Ethylene/alpha-olefin interpolymers and copolymers include ethylene and alpha-olefins in polymerized form. Alpha-olefins include, but are not limited to, C3-C20 alpha-olefins, further C3-C10 alpha-olefins, further C3-C8 alpha-olefins such as propylene, 1-butene, 1-hexene, and 1-octene. Such interpolymers also include ethylene/alpha-olefin/nonconjugated polyene interpolymers comprising ethylene, alpha-olefin, and nonconjugated polyene in polymerized form. Alpha-olefins include, but are not limited to, C3-C20 alpha-olefins, further C3-C10 alpha-olefins, further C3-C8 alpha-olefins. In one embodiment, the interpolymer is an ethylene/propylene/nonconjugated polyene interpolymer, further a terpolymer, further EPDM. Suitable examples of non-conjugated polyenes include C4-C40 non-conjugated dienes. Non-conjugated dienes include, but are not limited to, 5-ethylidene-2-norbornene (ENB), 5-vinyl-2-norbornene (VNB), dicyclopentadiene, 1, 4-hexadiene or 7-methyl-1, 6-octadiene, and are further selected from ENB, VNB, dicyclopentadiene or 1, 4-hexadiene, and are further selected from ENB or VNB, and are further ENB.
Ethylene/α -olefin multiblock interpolymers are characterized by multiple blocks or segments of two or more polymerized monomer units that differ in chemical or physical properties. In some embodiments, the multiblock copolymer can be represented by the formula: (AB) n, wherein n is at least 1, preferably an integer greater than 1, such as 2, 3, 4, 5, 10, 15, 20, 30, 40, 50, 60, 70, 80, 90, 100 or greater. Herein, "a" represents a hard block or segment, and "B" represents a soft block or segment. Preferably, the a and B segments are linked in a substantially linear manner as opposed to a substantially branched or substantially star-shaped manner. In other embodiments, the a segments and the B segments are randomly distributed along the polymer chain. In other words, for example, block copolymers generally do not have the following structure: AAA-AA-BBB-BB. In other embodiments, the block copolymer generally does not have a third type of block or segment that includes one or more different comonomers. In yet other embodiments, block a and block B each have monomers or comonomers substantially randomly distributed within the block. In other words, neither block a nor block B contains two or more sub-segments (or sub-blocks) of different compositions, such as end segments, which have compositions that are substantially different from the rest of the block.

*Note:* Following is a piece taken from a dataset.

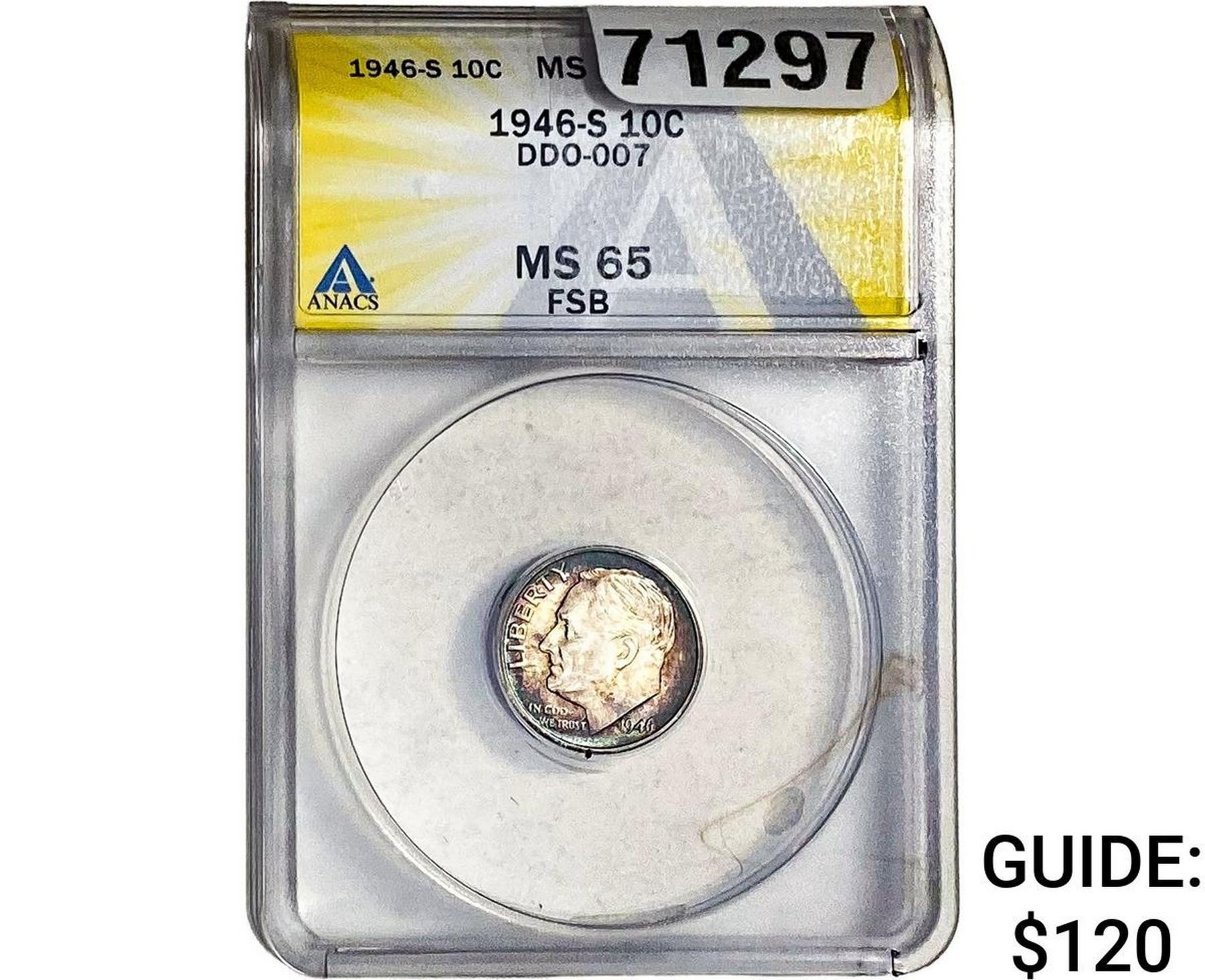 1946-S Roosevelt Dime ANACS MS65 FSB
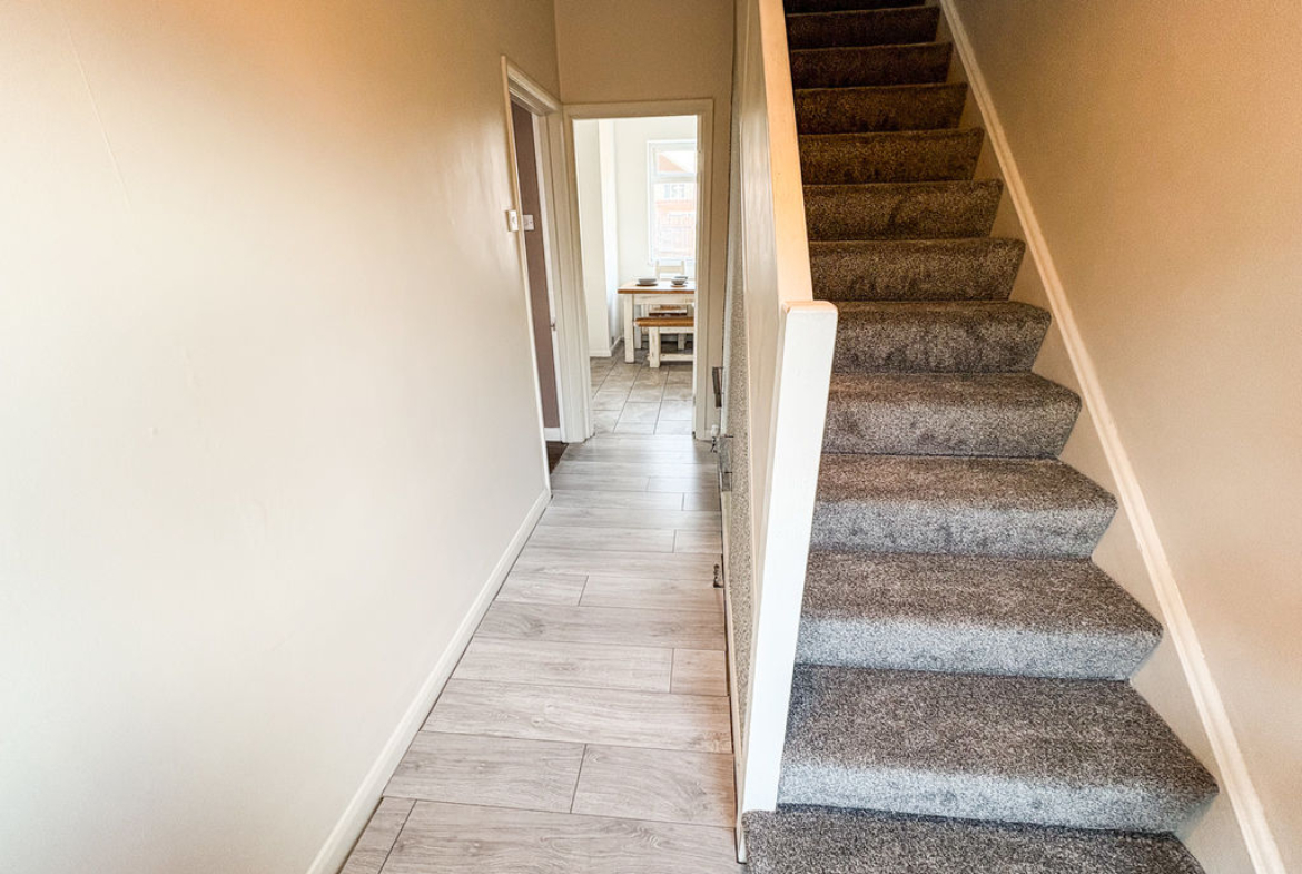 ENTRANCE HALLWAY: Double glazed entrance door, staircase to first floor, laminate flooring, and radiator.

As used herein, the term "Hard Segment (HS)" refers to a block of polymerized monomer units, wherein ethylene is present in an amount of 92 mole% or more, or 95 mole% or more, or 98 mole% or more, or 99 mole% or more, based on the total moles of polymerized monomers in the block. In one embodiment, ethylene is present in an amount of 99.8mol% or less, or 99.6mol% or less, or 99.4mol% or less, or 99.3mol% or less, based on the total moles of monomers polymerized in the block.
As used herein, the term "Soft Segment (SS)" refers to a block of polymerized monomer units, wherein ethylene is present in an amount of 90 mole% or less, or 88 mole% or less, or 86 mole% or less, or 84 mole% or less, based on the total moles of polymerized monomers in the block. In one embodiment, ethylene is present in an amount of 80 mole% or more, or 81 mole% or more, or 82 mole% or more, based on the total moles of monomers polymerized in the block.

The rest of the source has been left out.